THE WILLIAM H. GASS READER

by William H. Gass

Pub Date: June 5th, 2018
ISBN: 978-1-101-87474-5
Publisher: Knopf

A 900-page Gass-ian celebration.

This massive selection of writings by the late Gass (Eyes: Novellas and Stories, 2015, etc.), chosen by the author shortly before he died in 2017, is a fitting grand finale to an impressive and influential career. The 50 selections in the book, the oldest from 1958, are divided into four categories: Introduction, Fiction, Artists, and Theory. In “Fifty Literary Pillars,” about literature that influenced his own, his description of Jorge Luis Borges could also describe Gass: “Another amazing mind. Here is the consciousness of a devoted, playful, skeptical intelligence, a man made civilized by the library, as if to prove it can be done.” In “Philosophy and the Form of Fiction” (1970), Gass writes that “forms of fiction serve as the material upon which further forms can be imposed. Indeed, many of the so-called antinovels are really metafictions.” A whole generation of writers practiced metafiction: William Gaddis' The Recognitions was a “thunderclap,” and Gass also explores John Hawkes, John Barth, Donald Barthelme, and Robert Coover. As a philosophy professor at Washington University, metafiction was a wellspring for his criticism.

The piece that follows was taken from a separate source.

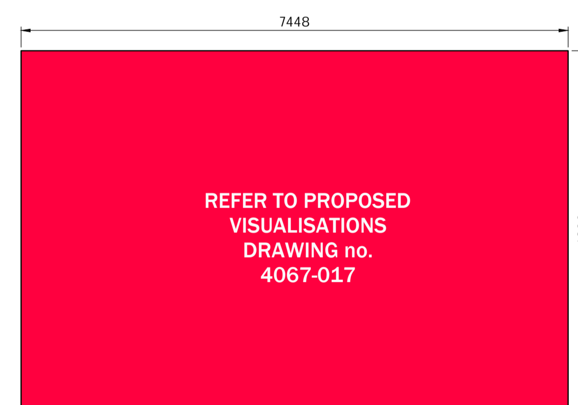
PROPOSED ELEVATION TO BLOOMSBURY STREET SIGNAGE (SCALE 1:50 AT A1)

As he writes at the end of “The Book as a Container of Consciousness,” it “remains for the reader to realize the text, not only by reachieving the consciousness some works create…but by appreciating the unity of book/body and book/mind that the best books bring about.” As a fiction writer, Gass was regularly praised for his subtle prose style and daunting ideas, but the books sold poorly. The Tunnel was too immense and labyrinthine, In the Heart of the Heart of the Country was too dense and lyrical, and his novella Willie Masters’ Lonesome Wife (not included here) pushed its prose to the breaking point. Literature is finally catching up with him, and this compendious, literary extravaganza should spark a Gass revival.

A great deal of this material is perplexing, demanding, and obscure, but the author’s beautiful writing is always well worth a visit.